#### [DATA]
──────────────────────────────

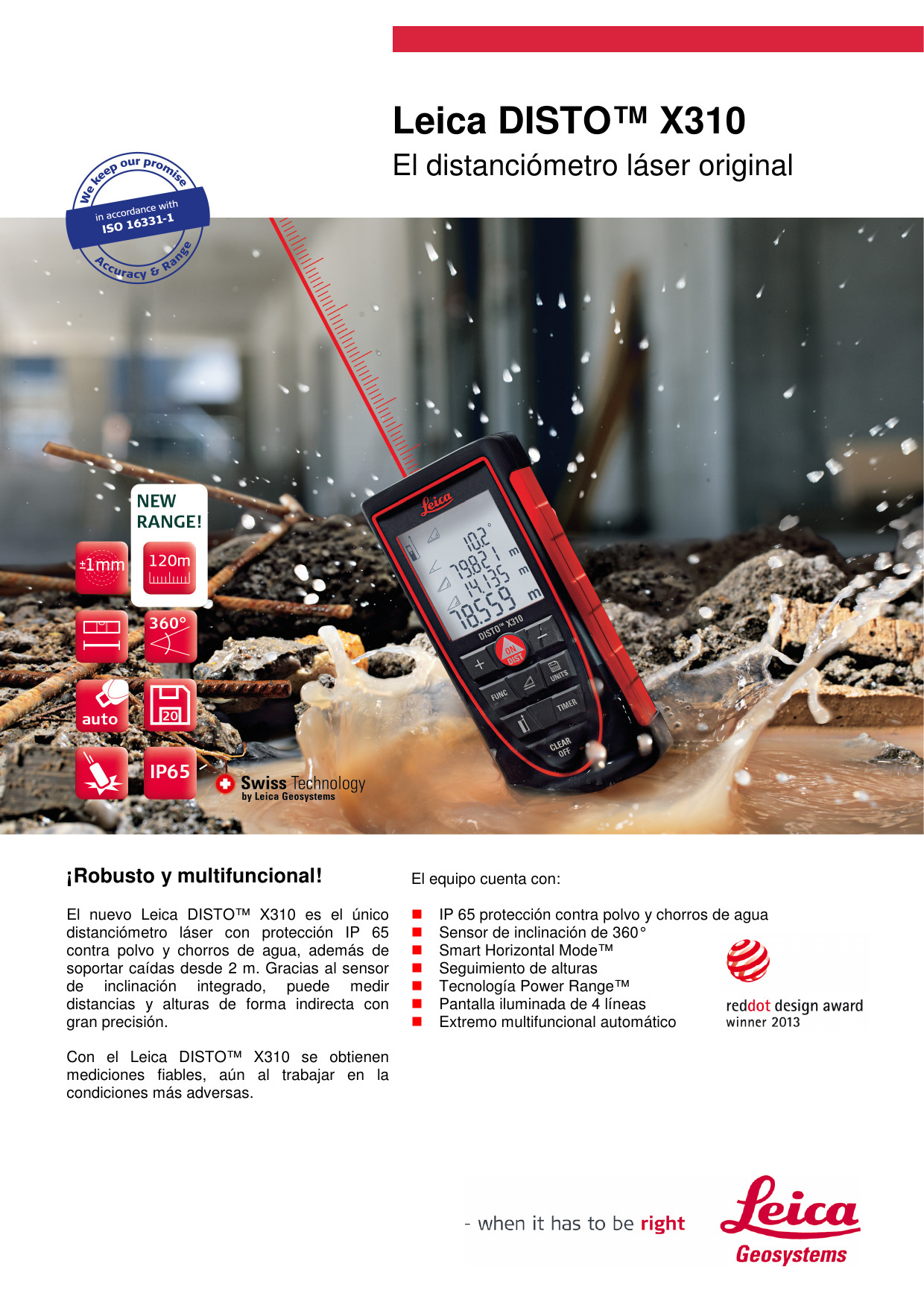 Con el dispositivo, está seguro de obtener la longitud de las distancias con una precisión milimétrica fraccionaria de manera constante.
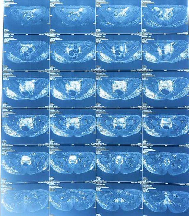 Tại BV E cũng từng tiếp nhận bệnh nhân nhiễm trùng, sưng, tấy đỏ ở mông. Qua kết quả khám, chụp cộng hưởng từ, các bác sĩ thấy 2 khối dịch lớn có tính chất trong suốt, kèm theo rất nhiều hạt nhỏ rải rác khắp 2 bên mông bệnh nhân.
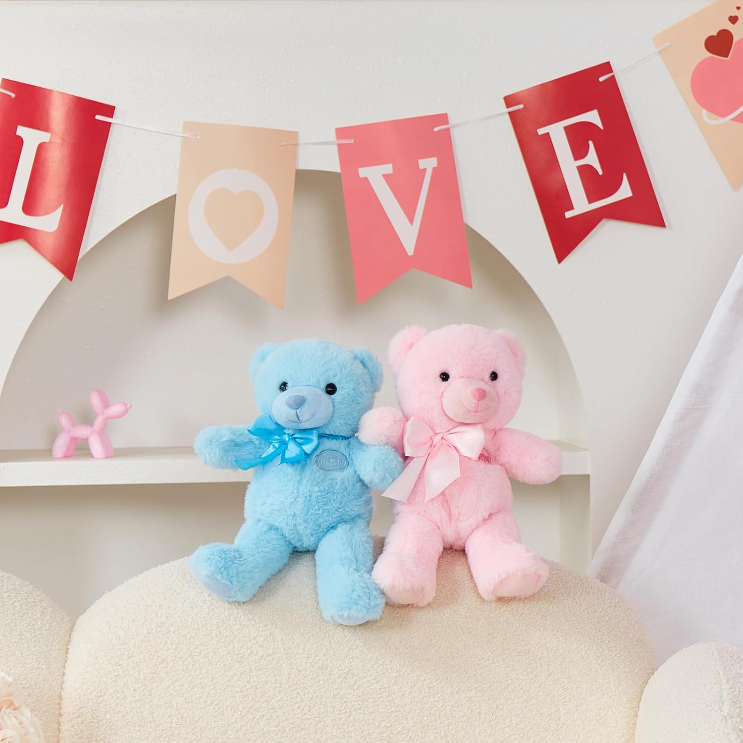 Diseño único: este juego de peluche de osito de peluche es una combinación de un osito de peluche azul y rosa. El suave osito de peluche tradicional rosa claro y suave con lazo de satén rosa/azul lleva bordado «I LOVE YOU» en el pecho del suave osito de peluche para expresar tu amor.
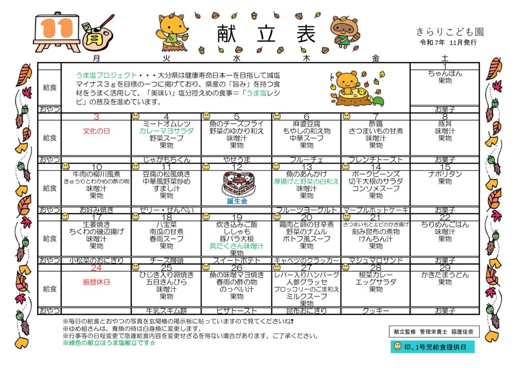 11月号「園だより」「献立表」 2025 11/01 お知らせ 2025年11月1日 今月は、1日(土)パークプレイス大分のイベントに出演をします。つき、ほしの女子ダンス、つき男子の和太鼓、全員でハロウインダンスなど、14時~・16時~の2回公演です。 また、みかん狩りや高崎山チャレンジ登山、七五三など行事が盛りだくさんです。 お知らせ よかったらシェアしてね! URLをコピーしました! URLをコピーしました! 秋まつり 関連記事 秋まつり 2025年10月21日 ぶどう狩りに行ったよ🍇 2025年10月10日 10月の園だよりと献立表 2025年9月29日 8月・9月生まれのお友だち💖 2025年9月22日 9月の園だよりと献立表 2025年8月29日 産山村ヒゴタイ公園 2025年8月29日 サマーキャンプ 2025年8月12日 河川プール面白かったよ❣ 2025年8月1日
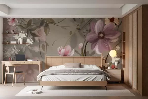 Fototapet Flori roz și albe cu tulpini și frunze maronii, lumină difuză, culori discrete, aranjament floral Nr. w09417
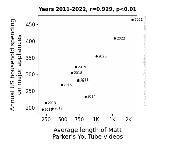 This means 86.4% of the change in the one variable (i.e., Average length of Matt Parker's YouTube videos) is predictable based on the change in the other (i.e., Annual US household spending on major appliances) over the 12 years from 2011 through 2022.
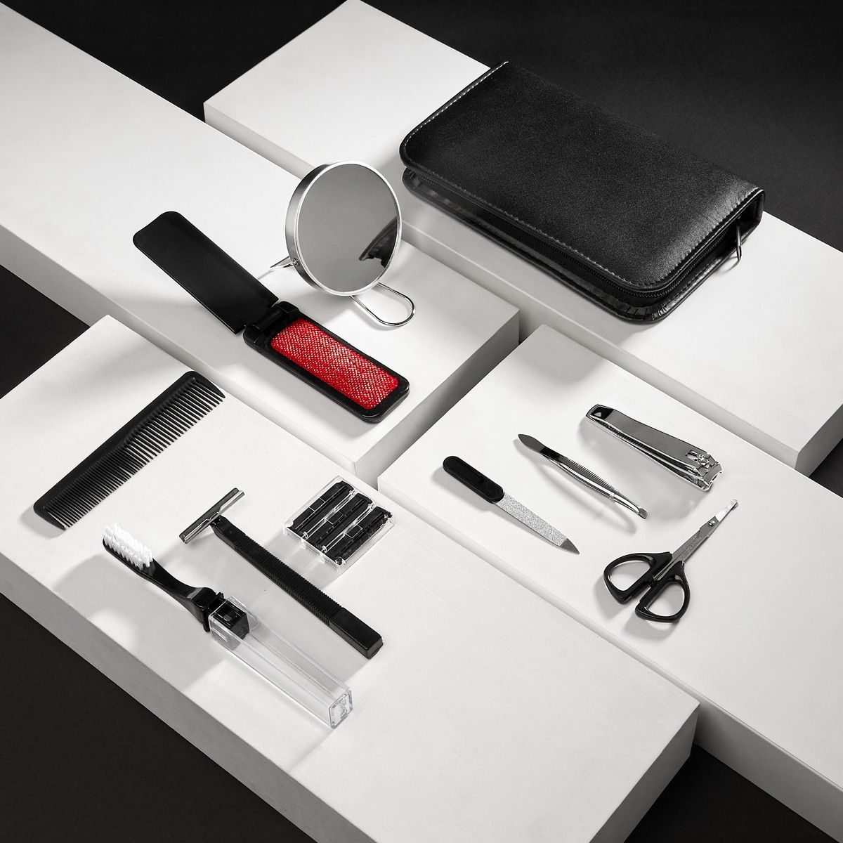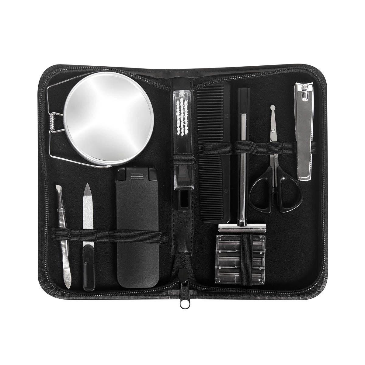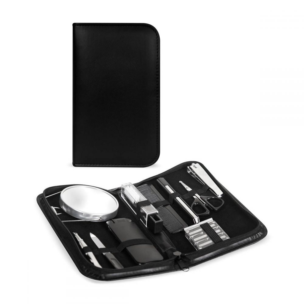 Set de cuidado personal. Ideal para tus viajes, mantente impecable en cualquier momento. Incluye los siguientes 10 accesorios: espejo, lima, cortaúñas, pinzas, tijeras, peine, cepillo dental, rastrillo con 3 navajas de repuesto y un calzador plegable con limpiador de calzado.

──────────────────────────────

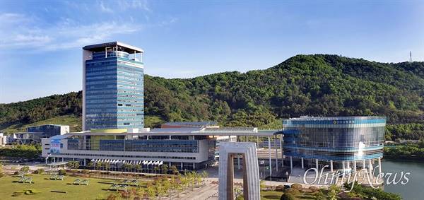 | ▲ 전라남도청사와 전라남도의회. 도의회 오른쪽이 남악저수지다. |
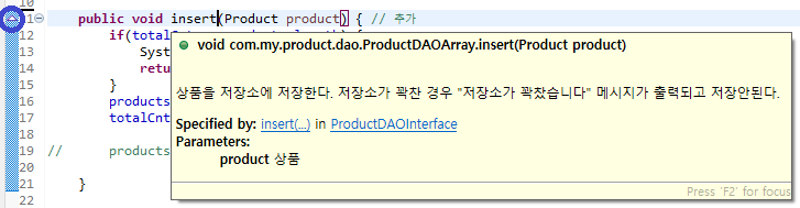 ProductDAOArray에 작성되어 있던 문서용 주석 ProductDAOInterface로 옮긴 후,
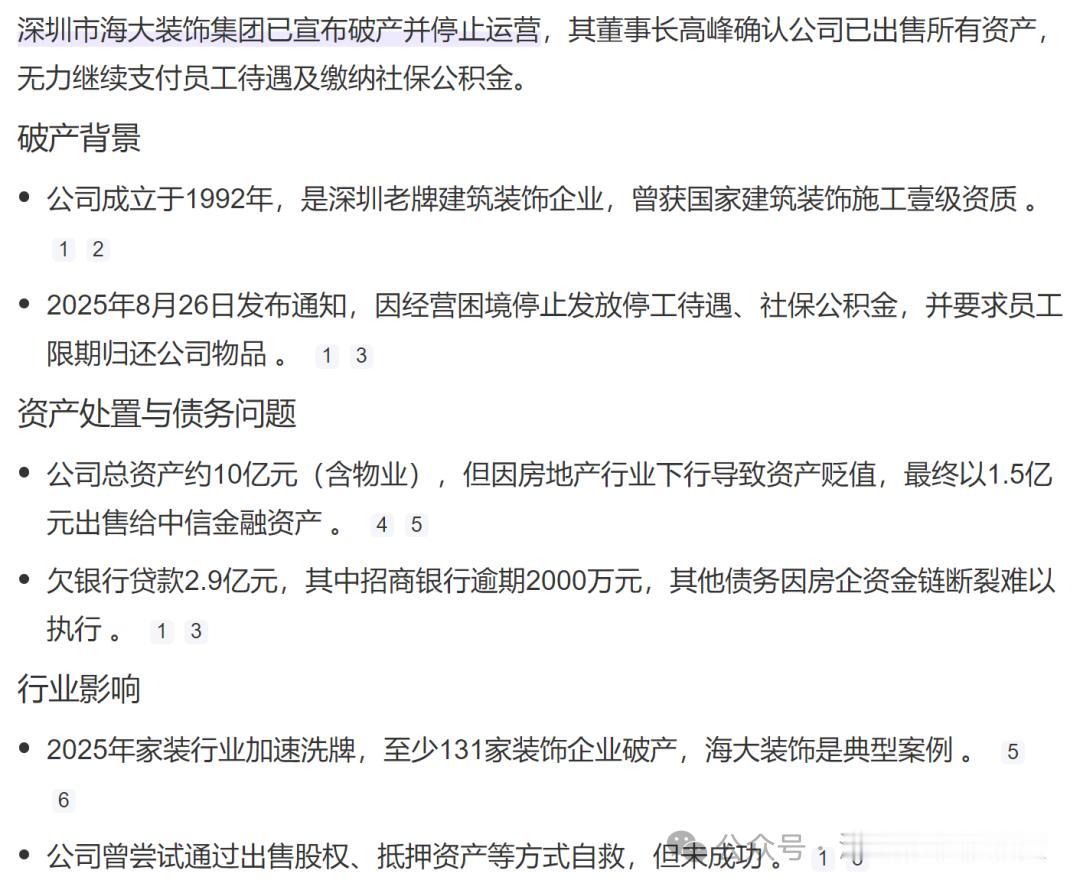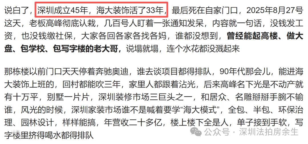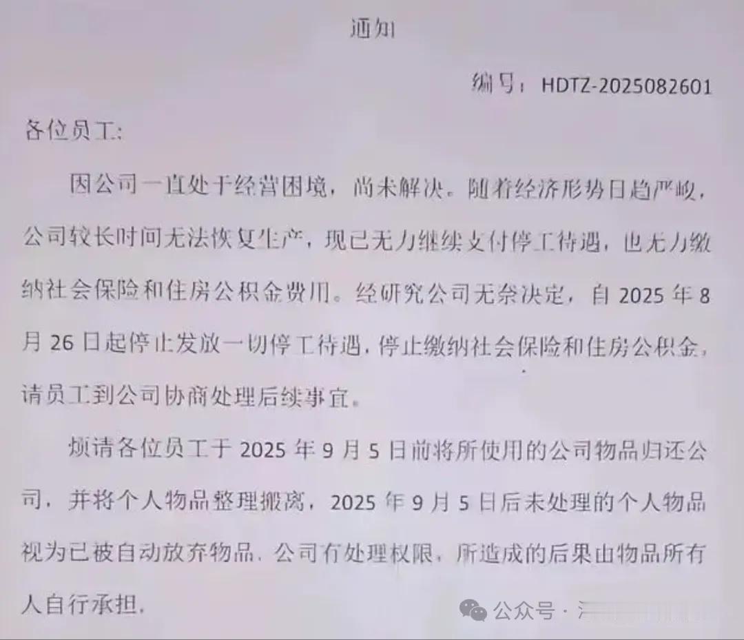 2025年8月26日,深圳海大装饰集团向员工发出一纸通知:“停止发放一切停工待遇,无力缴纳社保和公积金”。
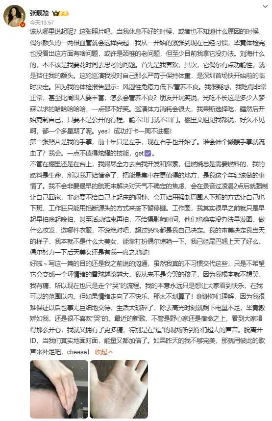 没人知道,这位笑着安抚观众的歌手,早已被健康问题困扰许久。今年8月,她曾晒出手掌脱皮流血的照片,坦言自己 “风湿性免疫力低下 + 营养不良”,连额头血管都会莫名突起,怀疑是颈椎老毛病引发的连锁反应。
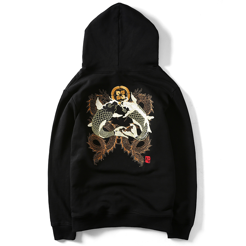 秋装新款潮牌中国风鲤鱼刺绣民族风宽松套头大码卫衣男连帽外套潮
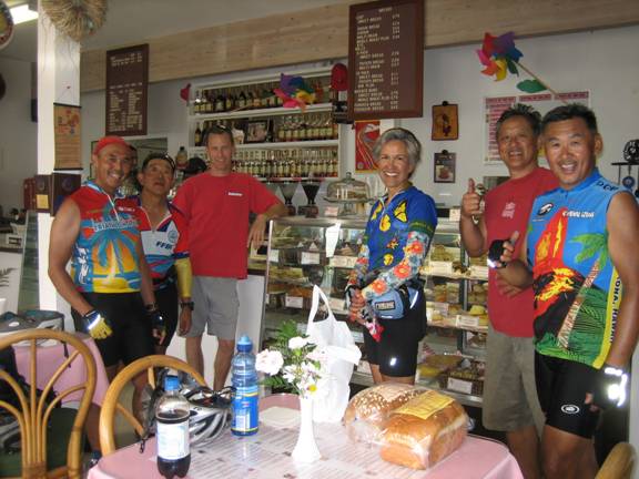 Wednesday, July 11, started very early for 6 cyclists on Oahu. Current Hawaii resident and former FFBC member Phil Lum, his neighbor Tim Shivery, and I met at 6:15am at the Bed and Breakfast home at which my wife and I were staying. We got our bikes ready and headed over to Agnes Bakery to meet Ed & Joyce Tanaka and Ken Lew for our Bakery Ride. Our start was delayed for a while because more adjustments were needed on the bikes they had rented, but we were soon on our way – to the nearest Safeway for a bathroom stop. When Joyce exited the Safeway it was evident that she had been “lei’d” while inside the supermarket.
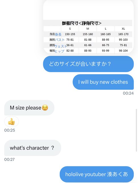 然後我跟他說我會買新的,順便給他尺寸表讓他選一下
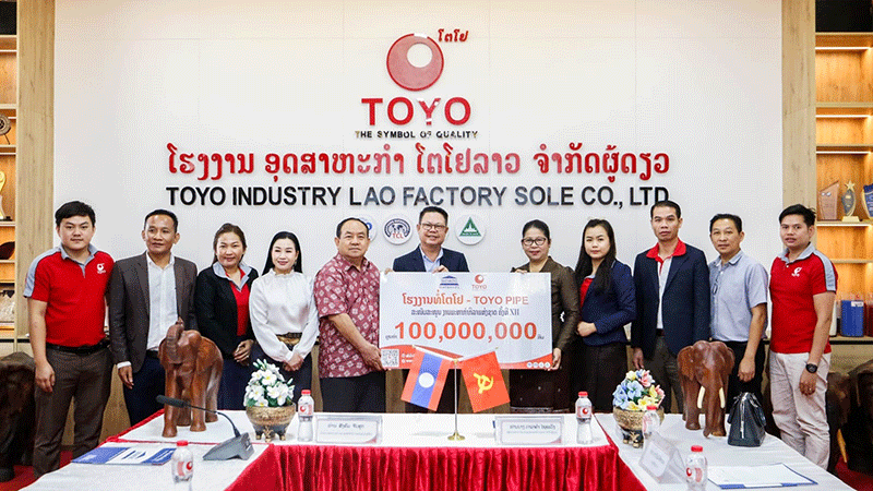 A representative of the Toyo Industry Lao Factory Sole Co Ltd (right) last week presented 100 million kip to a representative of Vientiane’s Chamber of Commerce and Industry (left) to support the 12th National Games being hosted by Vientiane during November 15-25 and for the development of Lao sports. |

──────────────────────────────

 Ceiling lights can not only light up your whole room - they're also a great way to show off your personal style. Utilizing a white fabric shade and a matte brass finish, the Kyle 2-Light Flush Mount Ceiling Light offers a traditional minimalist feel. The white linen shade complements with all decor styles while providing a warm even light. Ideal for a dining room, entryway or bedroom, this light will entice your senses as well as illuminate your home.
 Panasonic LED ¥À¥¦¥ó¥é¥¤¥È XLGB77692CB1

──────────────────────────────

#### [EXERCISE DETAILS]
Your answer must be the lines above from the one holding "ProductDAOArray에 작성되어 있던" up to and including the one holding "秋装新款潮牌中国风鲤鱼刺绣民族风宽松套头大码卫衣男连帽外套潮", exact and with no pictures.

#### [WORKED SOLUTION]
 ProductDAOArray에 작성되어 있던 문서용 주석 ProductDAOInterface로 옮긴 후,
 2025年8月26日,深圳海大装饰集团向员工发出一纸通知:“停止发放一切停工待遇,无力缴纳社保和公积金”。
 没人知道,这位笑着安抚观众的歌手,早已被健康问题困扰许久。今年8月,她曾晒出手掌脱皮流血的照片,坦言自己 “风湿性免疫力低下 + 营养不良”,连额头血管都会莫名突起,怀疑是颈椎老毛病引发的连锁反应。
 秋装新款潮牌中国风鲤鱼刺绣民族风宽松套头大码卫衣男连帽外套潮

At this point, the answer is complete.